How President Biden’s stimulus package will impact childhood poverty in Alabama
BIRMINGHAM, Ala. (WBRC) - President Biden’s $1.9 trillion stimulus relief package is being praised by some as taking steps forward in the fight against childhood poverty. The public administration specialist we spoke to says 95% of children in Alabama will benefit from the bill.
The stimulus package will temporarily raise the child tax credit from $2,000 to as much as $3600 per child annually.
UAB Department of Political Science and Public Administration assistant professor, Dr. Peter Jones, explained why the tax credit expansion will help.
“The current tax credit really doesn’t help every child like you might think it does. There are some stipulations that you might have to have a certain threshold of income... really about 7 million kids are ineligible,” said Jones.
Jones explained the income requirement for the child tax credit being voided opens the credit up to millions of American children.
“7 million kids are about 10% of the children in our country. In addition to that, you have about 17 million children who won’t get the full $2,000. What the bill stipulates is the income threshold goes away and essentially every child claimed as a dependent and the family [qualifies].” Jones said.
The plan is to send monthly checks to families. It also includes funding for several child programs including school reopening’s and childcare.
However, there are some who don’t agree with the child tax credit benefit and say it’ll only discourage people from getting back to work.

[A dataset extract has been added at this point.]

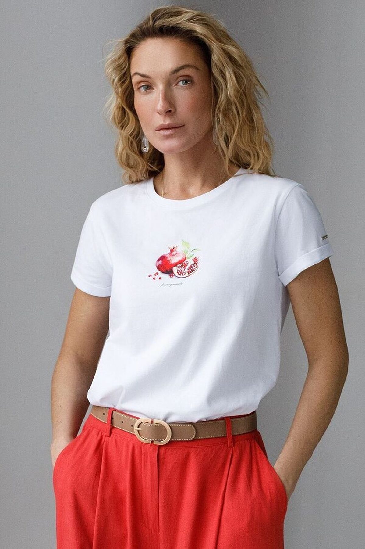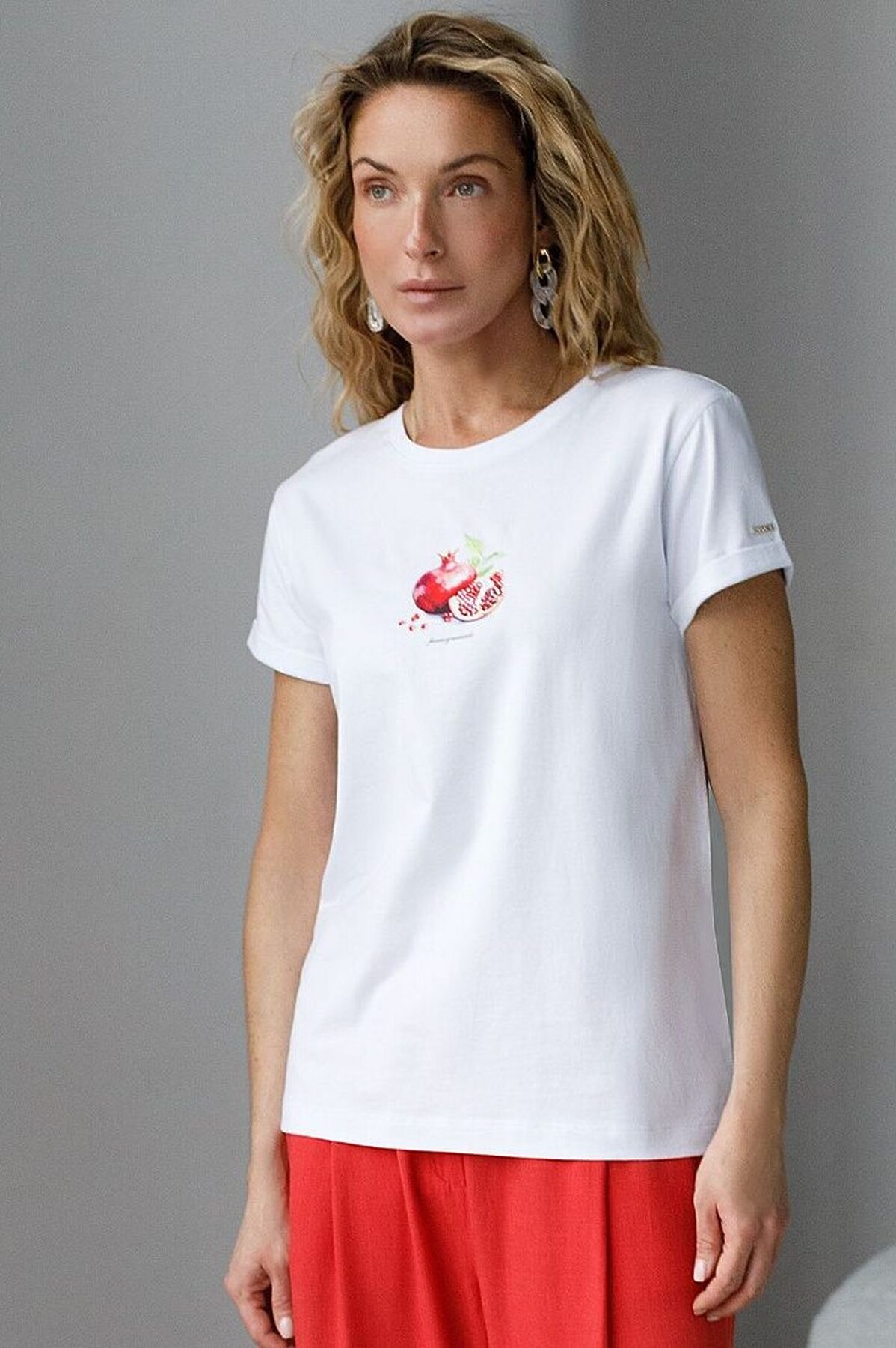 Модная футболка белого цвета привлекает внимание своим интересным дизайном и ярким принтом. Благодаря прямому крою изделие комфортно садится на любую фигуру, в том числе на большие размеры, и не сковывает движений. Круглый вырез подчеркивает современный стиль, а натуральный материал из хлопка с добавлением эластана обеспечивает удобство в повседневной носке и приятные тактильные ощущения. Прочность и износостойкая структура сохраняет первоначальную форму футболки после множества стирок. Рукава имеют аккуратные подгибы, что придает изделию завершенность и помогает сохранять аккуратный внешний вид. Принт в виде фрукта гранат нанесен красками с устойчивым покрытием. Стильная футболка гармонично вписывается в любой гардероб и подойдет для прогулок, отдыха дома или неформальных встреч. Благодаря особенностям кроя модель хорошо сидит, скрывая недостатки и подчеркивая достоинства. Удобная футболка идеально сочетается с базовыми вещами, позволяя создавать новые интересные образы каждый день.

But according to Jones, Alabama families will be significantly impacted due to high numbers of food security and poverty among children,
“Especially in Alabama as we have this huge challenge, this tax credit is going raise anywhere from 80 to 160,000 kids over the poverty line and that’s huge when we think about the 250,000 children who are in poverty right now in Alabama,” Jones explained.
The expansion of the child tax credit would also help other sectors in Alabama.
“Because it’s a federal program and is going to alleviate child poverty it’s going to lessen that burden on the state and other localities and really free the state up to invest in other areas which I believe is an awesome thing for Alabama,” he said.
Another complaint about the stimulus bill is that it adds too much to the country’s deficit.
“Democrats would counter by noting that the recent Republican tax bill in 2017 drastically increased the deficit, too, and one might argue that a global pandemic of this scale requires the spending levels we saw in WWII. It is maybe more important to note that the federal government is in a much better position to cool down an economy than it is to try to ramp up the economy after the pandemic is over,” said Jones. “In other words, you’d rather risk doing too much now than doing too little because if you do too much, and say, increase inflation, then you can address that with monetary policy. But if you do too little, the effects of this recession linger for a long time, and things like childhood poverty are exacerbated. President Biden has essentially signaled that his policies will err on the side of doing too much. I suspect this is because many argue the stimulus bill passed during the Obama administration was not big enough to address the Great Recession.”